Single-pass cooling circulates a continuous flow of water just once through the system for cooling purposes before it goes down the drain. EPA strives to eliminate single-pass cooling in its laboratories. Instead, facilities have air-cooled or recirculating chilled water systems.

  • The National Vehicle and Fuel Emissions Laboratory in Ann Arbor, MI, replaced its single-pass cooling system with a recirculated chilled water loop. This cut water use 80%, saving the laboratory 24.8 million gallons of water and $235,000 annually.

5. Use Water-Smart Landscaping and Irrigation

Planting native and drought-tolerant plant species minimizes the need for supplemental irrigation. Landscape water use can also be reduced 10 to 20% by having an irrigation water audit. EPA selects audit professionals certified through a WaterSense labeled program. WaterSense labeled weather-based irrigation controllers or soil moisture sensors are used to water only when plants need it.

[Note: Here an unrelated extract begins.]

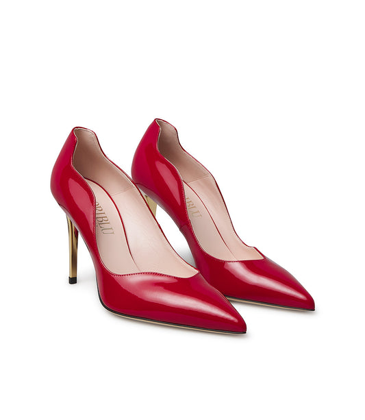 Décolletè in vernice rosso con tacco scultura in metallo oro

6. Control Steam Sterilizer Water

Steam sterilizers use cooling water to temper steam condensate discharge from the sterilizer to the laboratory drain. Many older sterilizers discharge a continuous flow of tempering water to the drain, even when it is not needed. EPA has retrofitted sterilizers with a tempering water control kit or replaced old steam sterilizers with models that only apply tempering water when needed.

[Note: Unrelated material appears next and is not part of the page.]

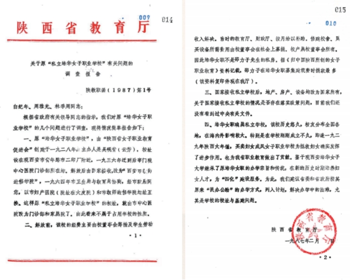 陕西省教育厅1987年2月给时任陕西省委书记白纪年、省委副书记周雅光、陕西省政府副省长林季周关于培华历史脉络的报告

  • The Western Ecology Division Laboratory in Corvallis, OR, installed tempering water control valves on its sterilizers. This has saved approximately 1.5 million gallons of water and $6,000 to $9,000 annually.

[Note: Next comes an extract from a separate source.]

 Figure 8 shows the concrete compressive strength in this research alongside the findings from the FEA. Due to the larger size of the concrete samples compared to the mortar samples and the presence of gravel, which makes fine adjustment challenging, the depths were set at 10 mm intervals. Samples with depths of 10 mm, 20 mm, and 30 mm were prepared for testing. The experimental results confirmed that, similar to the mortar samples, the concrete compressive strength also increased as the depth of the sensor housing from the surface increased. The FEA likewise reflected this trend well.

7. Reuse Laboratory Culture Water

Several EPA laboratories require water for aquatic culture research. In some cases, culture water is pumped into laboratory specimen tanks from local bodies of water, such as lakes or bays. It is then discharged into the sewer or treated and returned to the body of water.

EPA’s Mid-Continent Ecology Division Laboratory pumps water from Lake Superior in Duluth.

8. Control Reverse Osmosis System Operation

Up to 10% of a laboratory’s water consumption can be related to the multi-step process of generating deionized (DI) purified water through reverse osmosis (RO). Water savings can be achieved by carefully regulating purified water generation rates to meet laboratory demand and making sure that systems are sized accordingly.

  • EPA's Environmental Science Center in Fort Meade, MD, saves approximately 1.5 million gallons of water and more than $5,000 in annual water costs by reducing DI/RO system operation from 24 hours per day to 12 hours per day.

9. Recover Rainwater

Recovery systems capture rainwater from the roof and redirect it to a storage tank. This water is used for flushing toilets, supplying cooling towers and irrigating the landscape.

  • The Region 7 Science and Technology Center in Kansas City, KS, has incorporated a state-of-the-art rooftop rainwater recovery system that has the potential to save the laboratory more than 300,000 gallons of water per year.

View a larger version of this imageA rooftop rainwater recovery system in Kansas City.

10. Recover Air Handler Condensate

Air conditioning units produce condensate water from the cooling coils. Many EPA laboratories are capturing this water for use as cooling tower make-up water.